“Why, you have been eating breakfast for three quarters of a century and ought to know,” I answered.
“I’ve lived just long enough, Doctor, to learn that eating breakfast before working for it is a bad habit that follows civilization.”
“I agree with you there. It is a mere matter of taste after all. As a doctor I eat breakfast before I work, not because it is a bad habit, but because I am a doctor, and must know how it acts in order to be able to treat others who do it. I eat to learn.”
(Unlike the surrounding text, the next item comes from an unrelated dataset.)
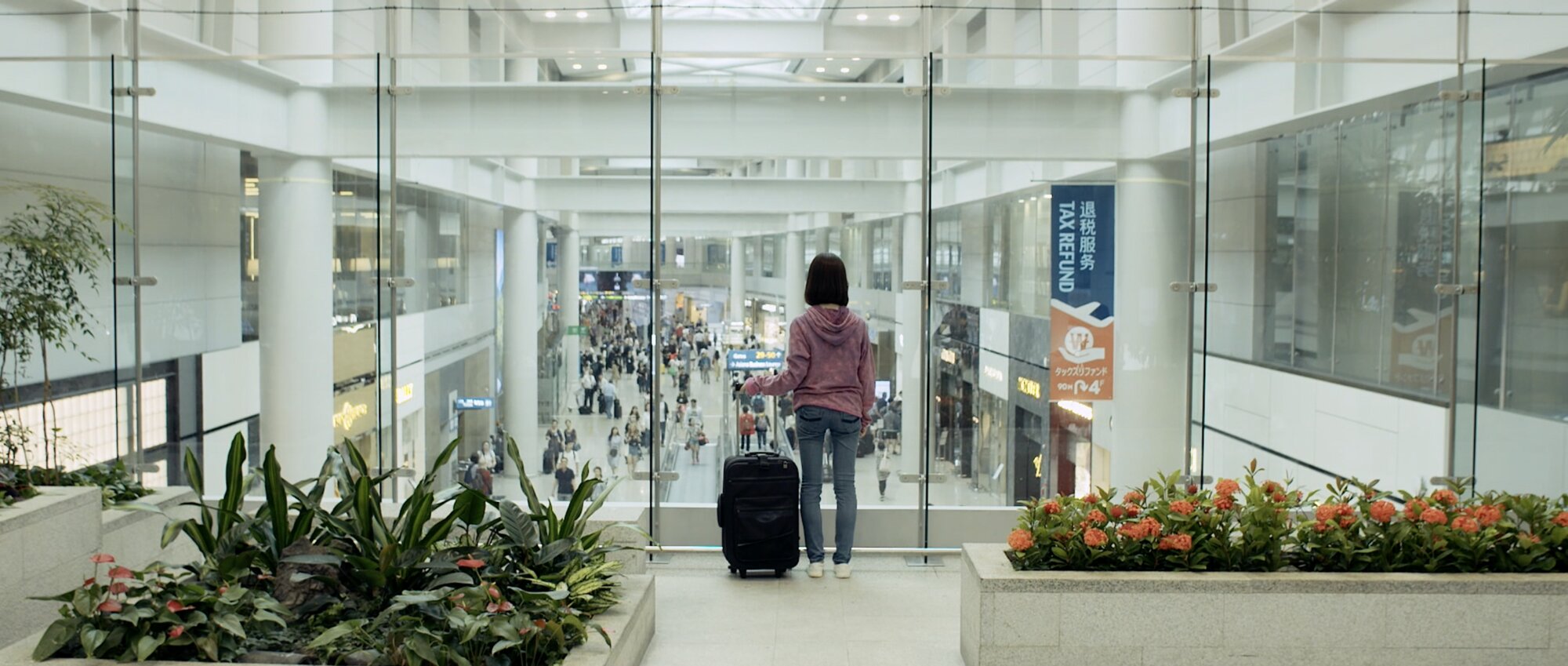 Hye Sun standing with suitcase at Incheon Airport for Hana Korea
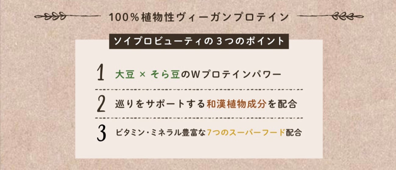 ソイプロビューティは、女性の美容と健康維持のための100%植物性のプロテイン

“And I suppose they charged you a dollar for the lesson, for learning how it tasted?”
“No,” I said, “this isn’t a dollar car. Meals are served à la carte. You can get all you want for less than a dollar, unless you have an officious waiter who puts on so much style for you that you feel ashamed to take back what is left of your dollar. If you are a grapefruit faddist your breakfast costs a quarter more. Or if you are rich and don’t know any better you can take sweetened grapefruit, breakfast food smothered with sugar, an omelette with jelly, melted butter on toast, coffee sweetened into syrup, griddle cakes served with honey and milk, and Apollinaris to wash it all down, and can spend a couple of dollars and lay up disease for the future, as the lady and gentleman across from me were doing. I had a fine large piece of broiled white fish, with Saratoga potatoes, cornbread, two cups of coffee and a pitcher of hot milk, all for eighty cents, less than double the price of a common restaurant breakfast.”
“You have to pay something to keep the wheels going around,” he remarked.
“Yes, and for the comfort and convenience,” I answered. “It’s worth it. You can get chops for fifty cents, a tenderloin steak for sixty-five cents, or eggs for twenty cents.”
The old man’s eyes opened wider and he began to swallow saliva as I continued:
“They have a fine list of specials on the bill of fare this morning: Spanish omelette, hashed chicken with poached eggs, shad’s roe with bacon, and a lot of dainty dishes at popular prices.”
He put down his cigar and said, “I say, stranger, I’m getting hungry for something good to eat, even if I don’t know what tastes good. I believe I’ll go in and try it.”